• TASK DIRECTIONS:
Repeat every line of the data exactly; no picture belongs in the copy.

• DATA PROVIDED:
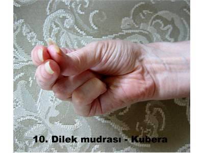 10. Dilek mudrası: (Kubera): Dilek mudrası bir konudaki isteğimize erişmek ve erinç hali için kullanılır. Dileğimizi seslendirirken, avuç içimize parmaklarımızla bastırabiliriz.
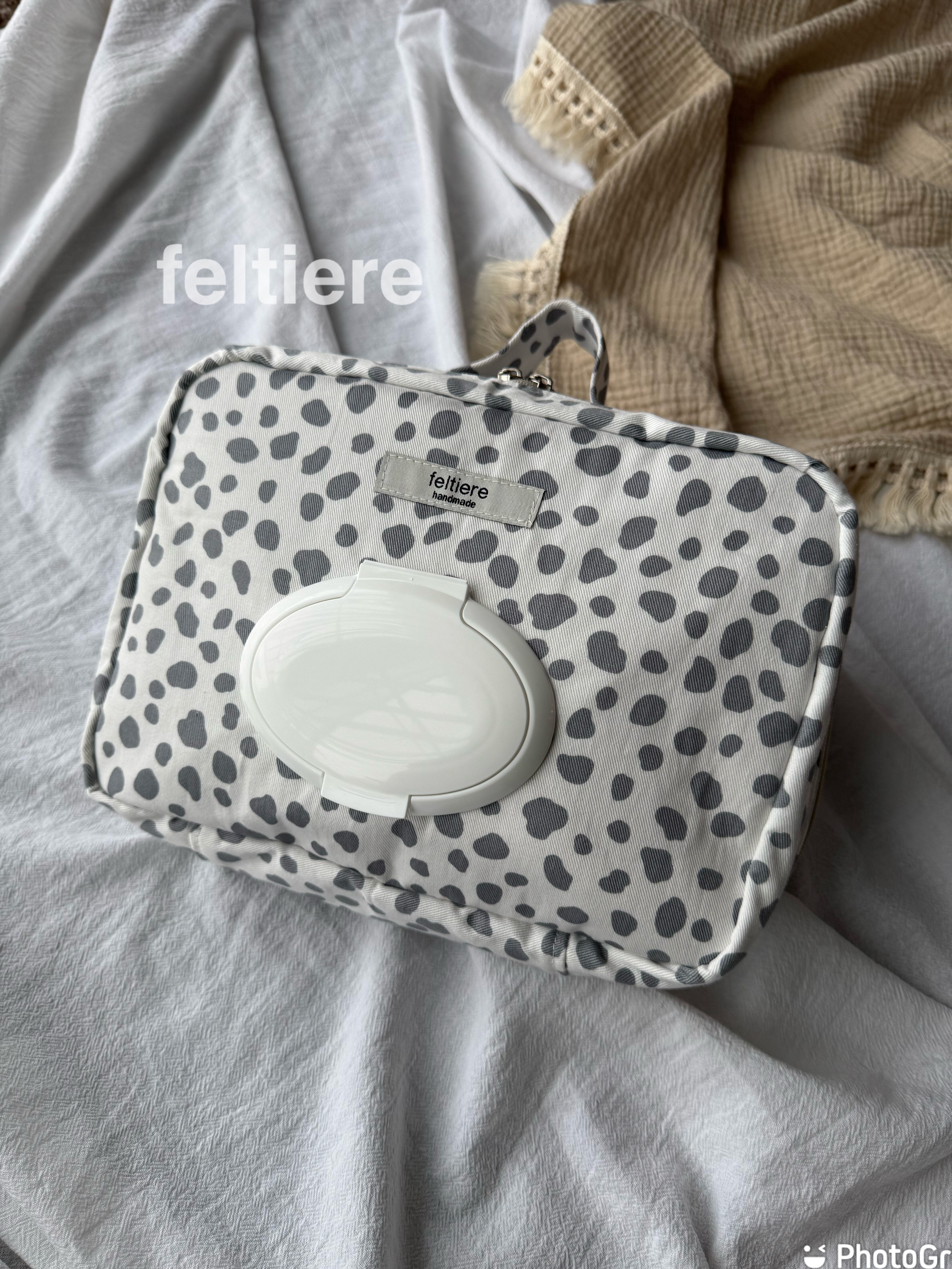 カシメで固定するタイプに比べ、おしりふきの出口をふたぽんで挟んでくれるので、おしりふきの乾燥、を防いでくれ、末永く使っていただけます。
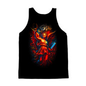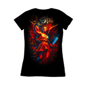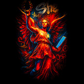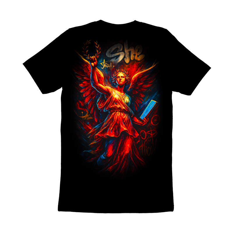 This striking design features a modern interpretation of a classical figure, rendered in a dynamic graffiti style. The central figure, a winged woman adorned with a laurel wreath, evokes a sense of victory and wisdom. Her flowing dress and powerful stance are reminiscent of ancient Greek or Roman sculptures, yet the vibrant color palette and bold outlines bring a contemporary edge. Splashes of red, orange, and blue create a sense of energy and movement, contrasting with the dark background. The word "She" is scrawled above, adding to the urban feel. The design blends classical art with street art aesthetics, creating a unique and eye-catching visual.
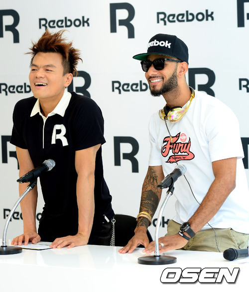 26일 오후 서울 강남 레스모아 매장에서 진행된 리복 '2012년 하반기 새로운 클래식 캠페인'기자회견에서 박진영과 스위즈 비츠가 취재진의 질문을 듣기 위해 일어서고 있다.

• TASK ANSWER:
 10. Dilek mudrası: (Kubera): Dilek mudrası bir konudaki isteğimize erişmek ve erinç hali için kullanılır. Dileğimizi seslendirirken, avuç içimize parmaklarımızla bastırabiliriz.
 カシメで固定するタイプに比べ、おしりふきの出口をふたぽんで挟んでくれるので、おしりふきの乾燥、を防いでくれ、末永く使っていただけます。
 This striking design features a modern interpretation of a classical figure, rendered in a dynamic graffiti style. The central figure, a winged woman adorned with a laurel wreath, evokes a sense of victory and wisdom. Her flowing dress and powerful stance are reminiscent of ancient Greek or Roman sculptures, yet the vibrant color palette and bold outlines bring a contemporary edge. Splashes of red, orange, and blue create a sense of energy and movement, contrasting with the dark background. The word "She" is scrawled above, adding to the urban feel. The design blends classical art with street art aesthetics, creating a unique and eye-catching visual.
 26일 오후 서울 강남 레스모아 매장에서 진행된 리복 '2012년 하반기 새로운 클래식 캠페인'기자회견에서 박진영과 스위즈 비츠가 취재진의 질문을 듣기 위해 일어서고 있다.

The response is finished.